HAP, which represents 240 healthcare systems and hospitals across the state, noted that the Commonwealth ranks near the bottom in terms of federal money for building public health infrastructure: “Pennsylvania received $15.6 million from the Centers for Disease Control and Prevention (CDC) during FY 2020, ranking 46 in total state funding per capita. Of the CDC COVID-19 pandemic response funding to states, Pennsylvania received 1.5 billion, ranking 46 per capita.”

Even before the first CHNA was released to the public there were concerns about its ability to impact health disparities.

“The bleak health conditions that will emerge in many CHNAs comprise a picture sufficient for an Occupy Healthcare movement, particularly due to the bare revelation of racial, ethnic, and income inequities,” predicted a 2013 Nonprofit Quarterly article, the year the first CHNA plans started appearing.

Jefferson,  for example, in its 2013 maiden effort conducted a survey which showed its community found chronic disease management, access to care and smoking cessation some of their most important issues. Doylestown Hospital in Bucks County selected cancer and heart disease, while Cooper University Health Care in Camden County focused on increasing access to healthcare and Temple University Hospital targeted the percentage of uninsured adult and adults without prescription coverage.

These results were replicated across the country where the most common top five priorities included obesity, access to care, diabetes, cancer, and mental health.

These early efforts left researchers underwhelmed.

One group calculated that by 2014, hospital spending on community health benefit had only increased by one-half of one percent going from 7.6% of operating expenses in 2010 to 8.1% in 2014.

However, the CHNA does keep a public focus on whether hospitals provide enough community benefit to justify their tax-exempt status, or whether they are corporate entities in nonprofit clothing.

Since 2004, Iowa’s Republican Senator Charles Grassley has been investigating this question after disclosures showed some nonprofit hospitals provided little charitable care, failed to publicize the availability of financial support for poor patients, and used aggressive bill collection practices.
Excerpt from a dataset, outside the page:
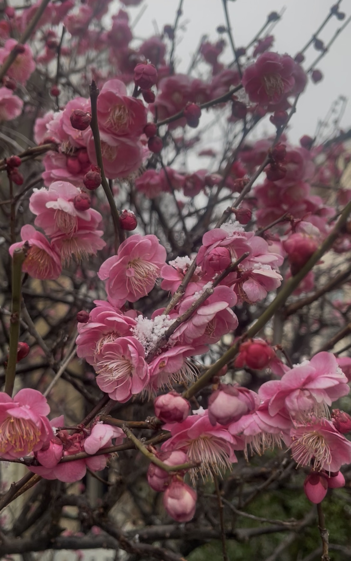 我が家の庭では、梅の花にほんの少しだけ雪が積もり、その様子を写真に収めてみました。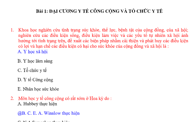 Hôm nay mình sẽ giới thiệu đến tất cả các bạn sinh viên tài liệu full trắc nghiệm tổ chức và quản lý y tế có đáp án.

It was through Grassley’s influence that the CHNA requirement was inserted in the the Patient Protection and Affordable Care Act (ACA) which passed in 2010. However,  a 2018 study from the Johns Hopkins School of Public Health found that nonprofit hospitals still weren’t delivering community benefits that outweighed the value of their tax exemptions worth billions of dollars.

“Hospitals have an important and big role to play in supporting public health infrastructure,”  Choi said. “One of the highest priorities (for 2022) is to expand the qualitative data collection process to enable more community members and organizations to share their perspectives on what they see as pressing community needs, as well as community strengths and assets.”